Because of the tendency for companies to stay private longer, what used to be a five to six year timeframe leading up to an IPO could now take as long as 11 years on average, said Bob McCooey, senior vice president of listing services at Nasdaq OMX Group (NASDAQ:NDAQ). That lag has created a robust pipeline, and the backlog of companies looking to go public thanks to the slowdown of the last two years is ready to ease.
“Companies and individuals are willing to invest in these companies now, they need performance in their portfolios and IPOs are providing that,” McCooey explained pointing to the year-to-date IPO returns. “We’ve seen very strong performance, which drives interest in the market, and that bodes well for both the company’s desire to go public and the receptivity from retail and institutional investors.”

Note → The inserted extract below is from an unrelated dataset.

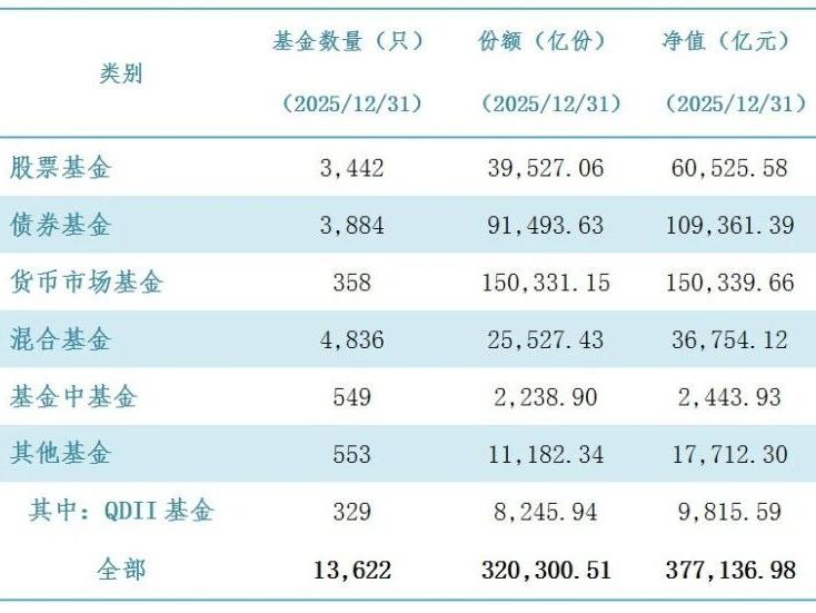 截至2025年末我国境内公募基金规模达37.71万亿元
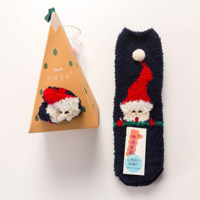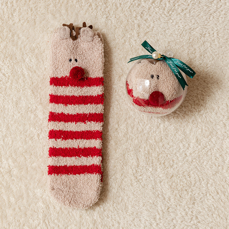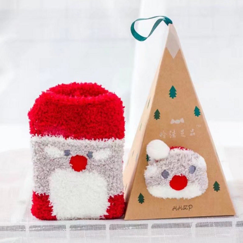 - 1 pair x Cute Christmas Style Socks / 1 x Present Box

Billion-Dollar Companies Might Finally Pull the Trigger
Alongside energy and health care, technology is poised for a breakout year as Wall Street anticipates the debut of tech unicorns – or companies with a private valuation of $1 billion or more – including ride-sharing service Uber, music-streaming platform Spotify, and social media star, Snapchat, which confidentially filed for IPO last month. The appeal for these companies, though, is about more than just the cash a move to the public markets will bring, said EY Americas IPO leader Jackie Kelley.
“That IPO for a unicorn is more about the market credibility, attracting talent, about different things like liquidity in general than it is about cash to grow the business…they can get that,” she said.
With equity markets rounding out the year at all-time highs, Kelley warned profit taking at the start of the year could present a challenge for newly-public companies since stock prices are subject to volatile day-to-day swings. Her advice: Stay the course, focus on the long-term goals.
“It’s very important that as companies are building their investor pools and managing expectations, that there is a clear strategy they can execute, strong forecasting processes that can withstand movement in the market while they continue to focus on driving growth,” she said.
To that point, McCooey said a strong company should be able to go public in virtually any market environment – during fluctuations caused by profit taking, or amid rising interest rates and higher borrowing costs.
“The fact that the Federal Reserve has signaled higher rates next year, companies can factor that into their equation…it’s not creating volatility in the markets, which would have created the negative impact for companies set to IPO like we saw in the first quarter. I don’t see it being a big risk for 2017 at this point,” he said.